Assess thrombotic risk (CHA2DS2-VASc Score or risk for VTE recurrence) |
Identify individual bleeding risk. A high bleeding risk per se should not result in the decision not to anticoagulate, rather to correct and minimize modifiable risks |
Check renal function, global coagulation tests, liver function parameters, and CBC: in the case of anemia try to identify underlying pathologies |
Check for contraindications for DOACs (e.g., mechanical heart valves, hemodialysis, DAPT) |
Choose best suitable anticoagulant and appropriate dose; od vs. bid? |
Check whether the patient qualifies for specific dose reduction according to SmPC? |
Check whether DDI are expected, including over-the-counter drugs, and review number and significance of DDI (see [Table 3] in Steffel et al[34]) |
Try to reduce the number of comedications (e.g., FORTA List [62–65]), particularly those with platelet inhibition properties |
Use alternative DOAC with less potential for DDI, if possible |
Evaluate need for protein pump inhibitors |
Obtain informed consent and tailor patient education to the elderly patient and repeat as needed; consider use of additional teaching and adherence tools like videos, graphical material a.s.o; involve partner and family |
Hand out anticoagulation card |
Evaluate indication for left atrial appendage occluder in case of contraindication to OAC |
Organize follow-up: |
Determine follow-up intervals for re-checking of renal function (see above), and schedule follow-up with particular focus on side effects, renal function, hemoglobin, liver function tests, and repeated education; early initial follow-up may be required |
Check appropriate intake and dose at follow-up visit |
Check for potential adherence problems and evaluate whether the patient would benefit from a switch from VKA to DOACs or vice versa |
Explore options for dose reduction or discontinuation in VTE secondary prevention |
Consider in selected special cases drug level measurement at trough (for accumulation, safety) or peak (for compliance, efficacy): diluted thrombin time (for dabigatran) or anti-Xa activity measurements (for Xa-inhibitors) |
Assess the risk for falls ([Table 3]) and intervene to reduce risk of further falls; frailty and risk of falling should not generally be a reason not to be anticoagulated |
Abbreviations: CBC, complete blood count; DAPT, dual antiplatelet therapy; DDI, drug–drug interactions; DOAC, direct oral anticoagulant; OAC, oral anticoagulant; SmPC, German Summary of Product Characteristics; VKA, vitamin K antagonist; VTE, venous thromboembolism.

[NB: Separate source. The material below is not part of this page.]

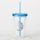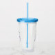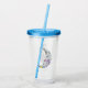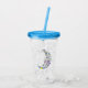 Dieser Acryl-Drink-Wäscher mit Stroh und Deckel hat einen magisch weißen Halbmond mit einem Gesicht und rosa Lippen mit bunten abstrakten Markierungen in verschiedenen Formen in blau, gelb und lila.

In patients with AF, age also represents a risk factor for major bleeding, as indicated in the HAS-BLED Score.[45] Importantly however, the HAS-BLED Score should not serve as a reason not to anticoagulate, as these patients commonly also have a very high risk for stroke; rather, attention should be paid to try to correct and minimize modifiable bleeding risk factors in these patients while on oral anticoagulation.[7] Implantation of a left atrial appendage (LAA) occluder or surgical occlusion may be an option instead of long-term anticoagulation.[7] Unfortunately, at present there is no evidence from RCTs for LAA occlusion after OAC bleeding under OAC, e.g., compared with continued DOAC treatment in this challenging clinical situation. Additional important and valuable practical aspects for the treatment of AF with DOACs are summarized in the European Heart Rhythm Association Practical Guide.[34]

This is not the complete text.